The federal government should think carefully about the parameters of its royal commission into child sexual abuse and dampen unrealistic expectations of what can be achieved, UNSW’s Professor Hal Wootten says.

Emeritus Professor Wootten, who was a senior commissioner in the five-year Royal Commission into Aboriginal Deaths in Custody (1987-91), says unreal expectations about what the commission process can achieve should be managed, especially given the enormous scale of sexual abuse across institutions.

Professor Wootten has told the Sydney Morning Herald it is important that lessons from the past are taken on board.

“The Aboriginal Deaths commission was set up very hastily as a knee jerk reaction to a peak in deaths in custody.

“The government set it up to investigate all the deaths in a ten year period. It had no idea how many deaths there would be and it hadn’t thought about what the question should be. And we ended up being set up to answer the wrong question.

“The question we were set up to investigate was were police and prison officers killing aborigines, whereas the real question was why were so many aborigines being put in jail?”

Professor Wootten, who is founding Dean of UNSW’s law school, says investigating every one of the thousands of cases of child sexual abuse would be impossible.

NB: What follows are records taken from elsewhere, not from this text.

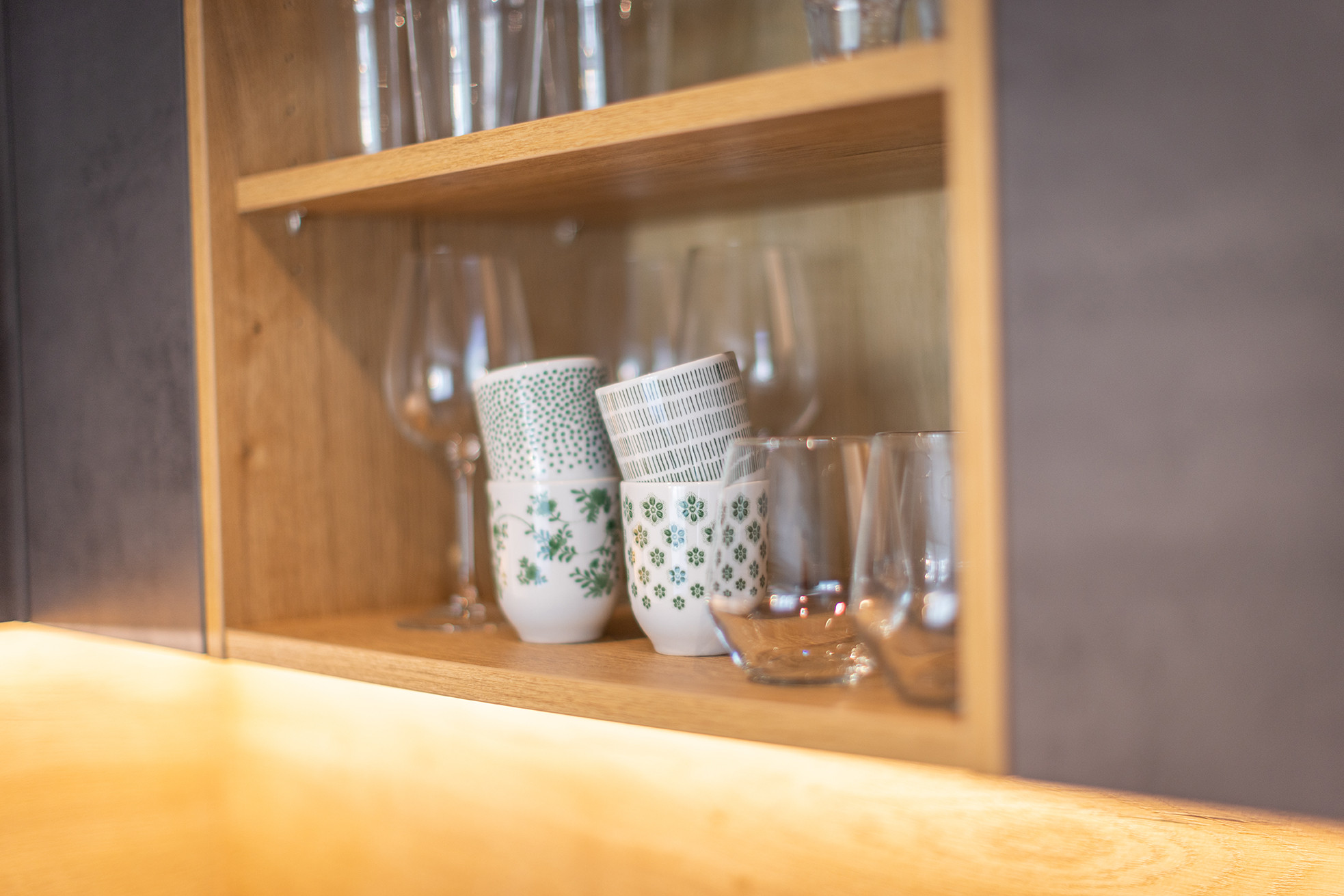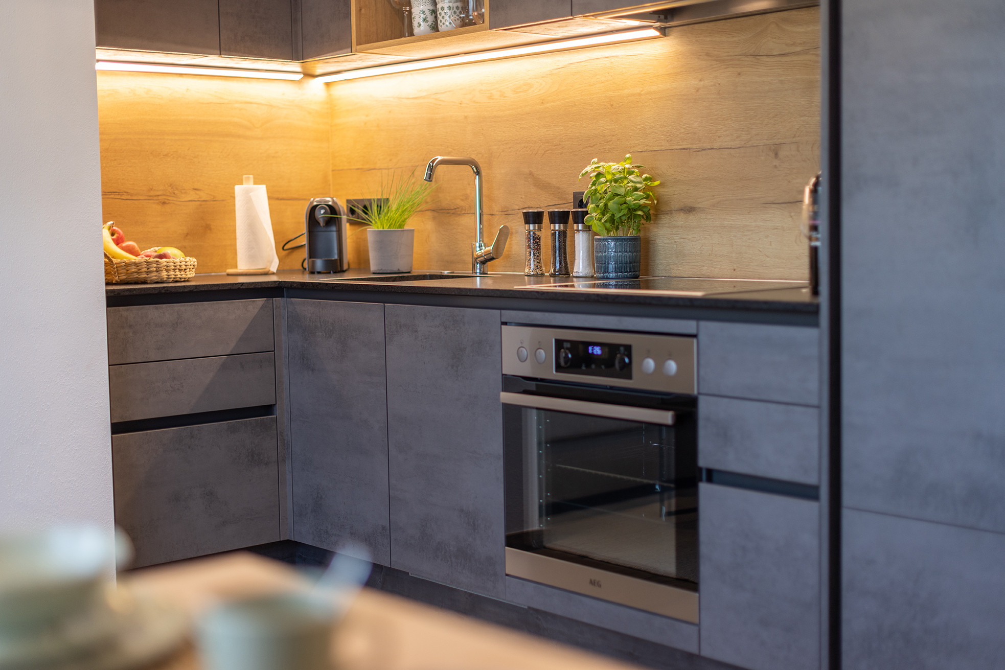 The open-plan kitchen is fully equipped with a stove, oven, fridge with freezer, coffee machine and kettle – ideal for preparing everything from a quick breakfast to a relaxed dinner.
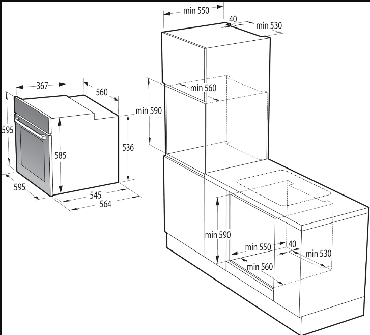 | Výška pro vestavbu cm | 59 |
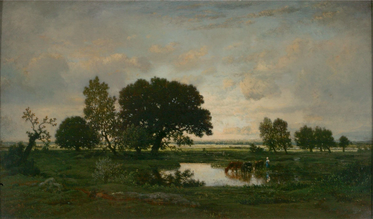 공식적으로 인정받으며 다작하던 1850년대 루소는 평온하고 서정적인 작은 풍경화도 그렸다. 위의 두 작품은 낮은 지평선과 하늘의 구름, 물가의 나무들까지 비슷한 구성을 보여준다. 인간도 한 점의 붓질로 풍경에 스며들어 있다. 보다 정교한 묘사와 완결된 구성을 보여주는 이 그림들은 화가가 흠모했던 17세기 네덜란드 풍경화와 유사하다. 루소는 루브르 미술관에서 야코프 반 로이스달(1628/29~1682)과 얀 반 호엔(1596-1656) 등의 작품을 연구했을 뿐만 아니라 17세기 네덜란드 풍경 판화를 다수 소유하고 있었다. 유사한 작품이 많아 화가가 작업실에서 변주하며 제작한 것으로 추정된다.
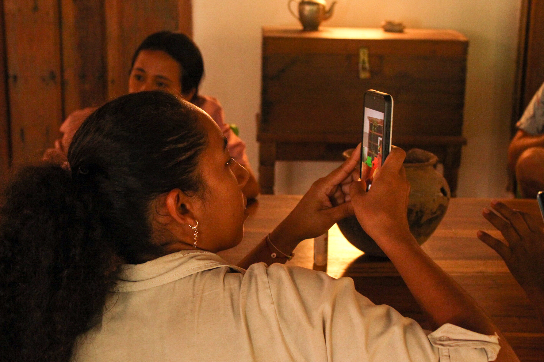 Tuve la oportunidad de realizar dos talleres. El primero se llamó taller de fotografía con celular. La convocatoria se hizo a través de redes sociales y de los grupos de whatsapp. En el taller participaron 12 personas, especialmente mujeres. El taller giró en torno al lenguaje de la fotografía, y la técnica en el uso de las herramientas del celular y la app Snapseed. La evaluación del taller fue muy positiva.
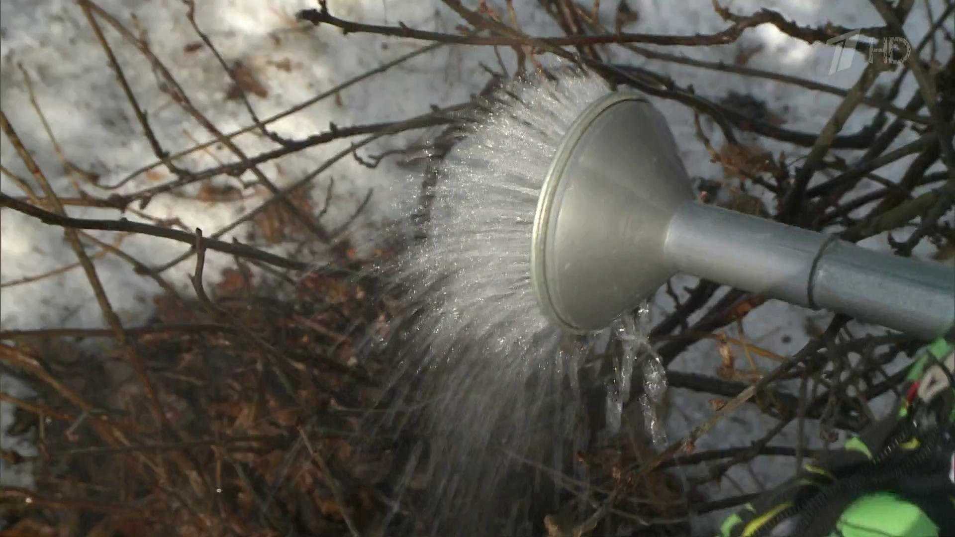 - Полейте куст кипятком со всех сторон. Вода должна равномерно обливать кустарник по кругу и по всей высоте.
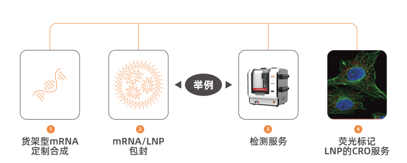 | mRNA合成 | LNP合成 | 理化检测 | 细胞评价 | 动物评价 |
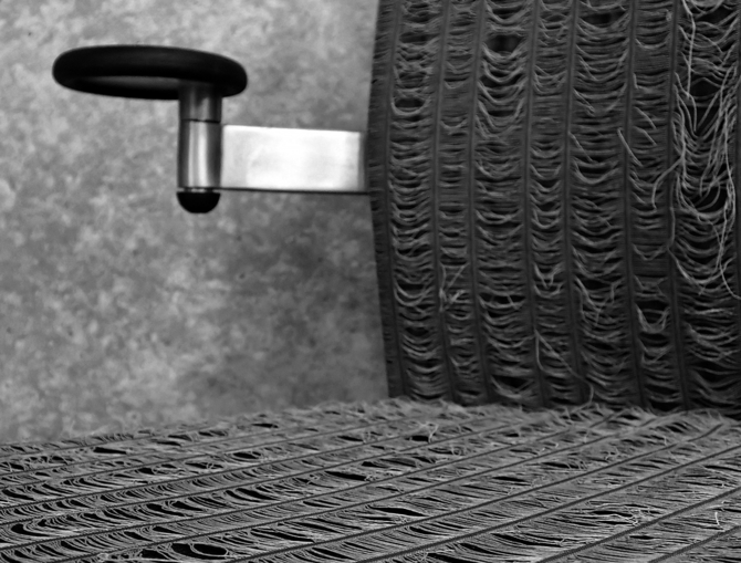 そこで、カバーリングは一見、オフィス家具では有り得ないような畳のような表情をもった素材にした。また、椅子を使用する毎に、その表情が日々変化していくような素材選びにもこだわった。
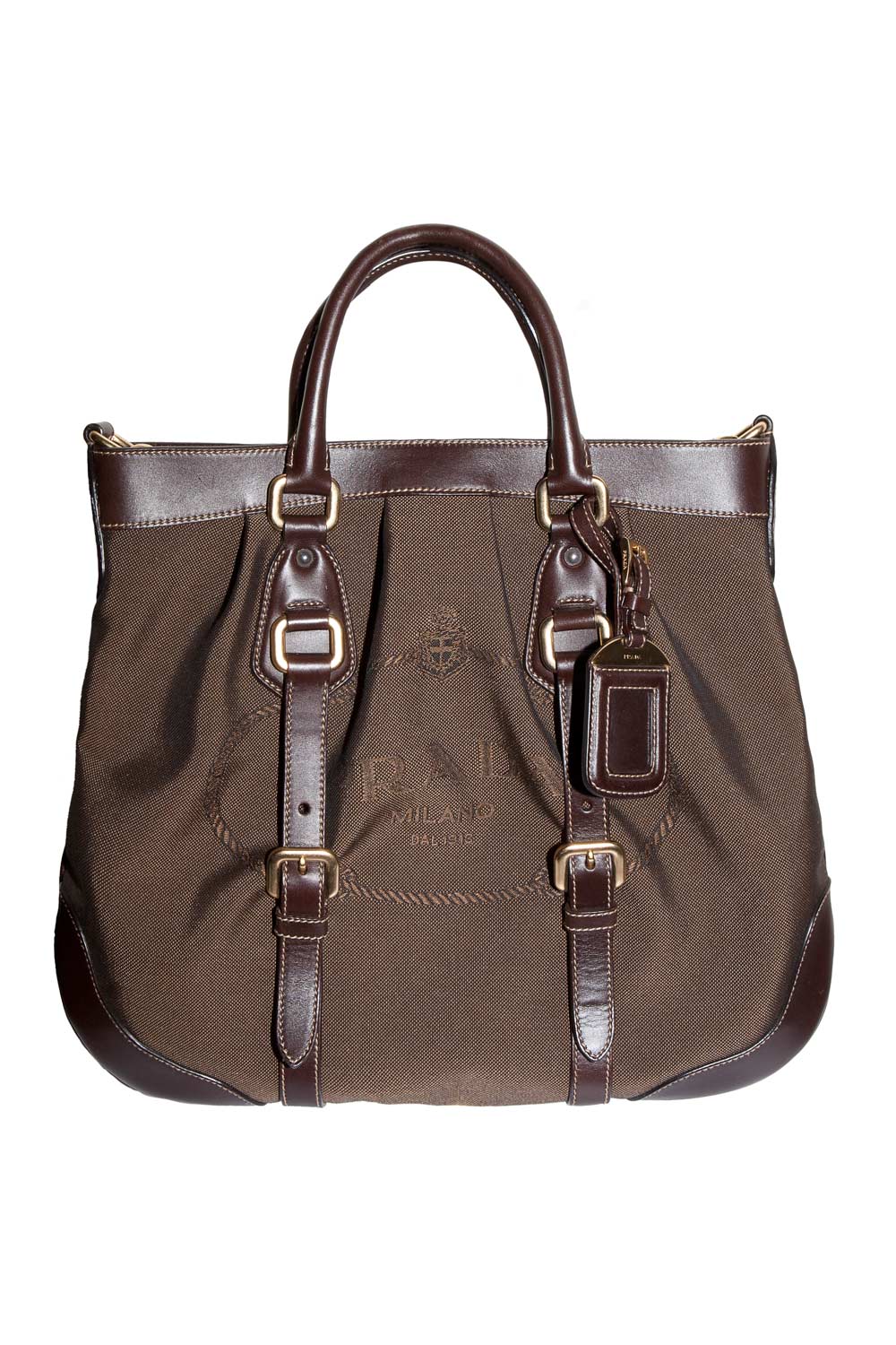 FABRIC TOTE WITH SAFFIANO CALF LEATHER & BRASS HARDWARE
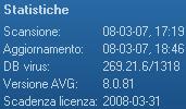 Nella parte inferiore destra (Statistiche), sono presenti alcune informazioni, quali la versione del programma, l'ultimo aggiornamento di esso, l'ultima scansione antivirus e la versione del programma utilizzato:
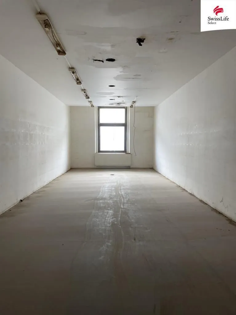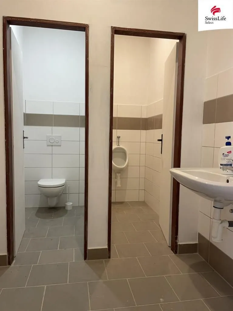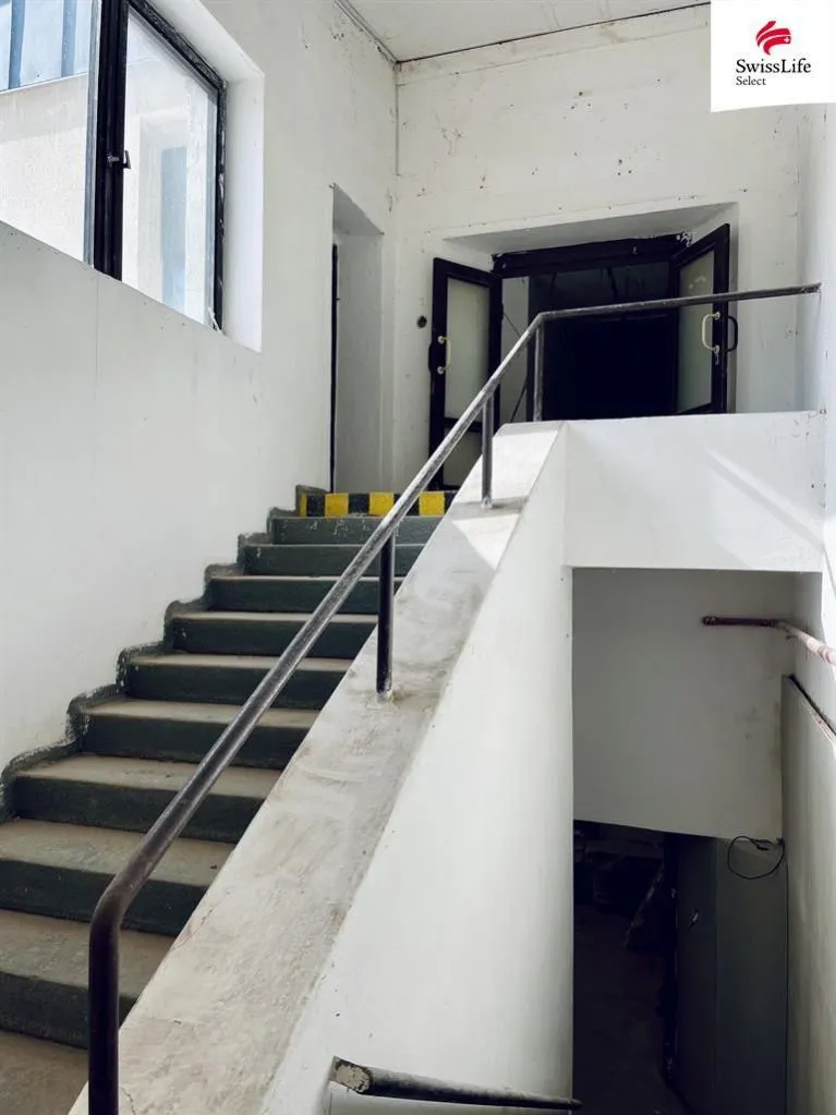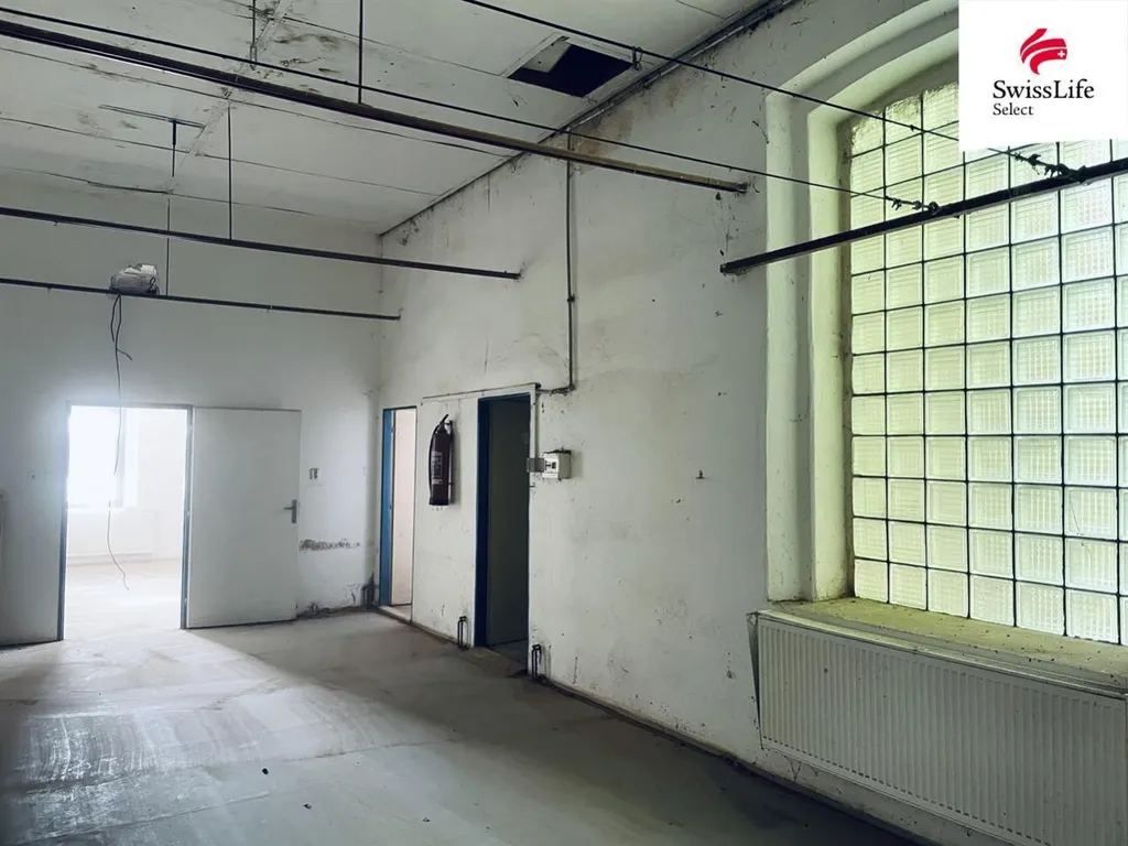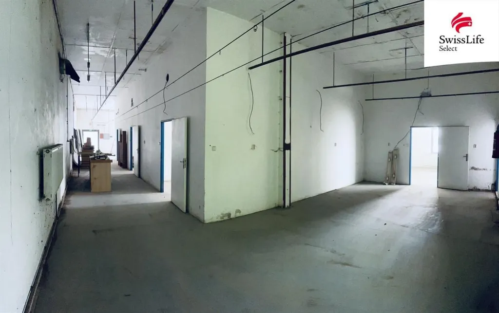 Administrativní zázemí nabízí 3 pěkné kanceláře (16 m, 16 m a 18 m), příjemnou denní místnost se světlíkem 26 m, kde je i kuchyňka, dále archiv/spisovnu se světlíkem (22 m). Zázemí administrativy potřebuje drobná dokončení, zalití a finalizaci podlah, výměnu oken a interiérových dveří. Rozvody vody a elektřiny jsou v této části také kompletní. Nové vchodové dveře.

“The first thing the government should do in the midst of all of this euphoria is take a deep breath and think about how many cases there are that we are going to promise to investigate.

“You’re not going to be able to set up a sausage machine process to deal with cases. In every case you will be dealing with a tremendously bruised and perhaps damaged person that will require the most sensitive treatment case by case.

“I can’t see it being possible for a single commissioner to do it; we had up to five working at a time in the Deaths in Custody Commission and we had only 100 cases to investigate.”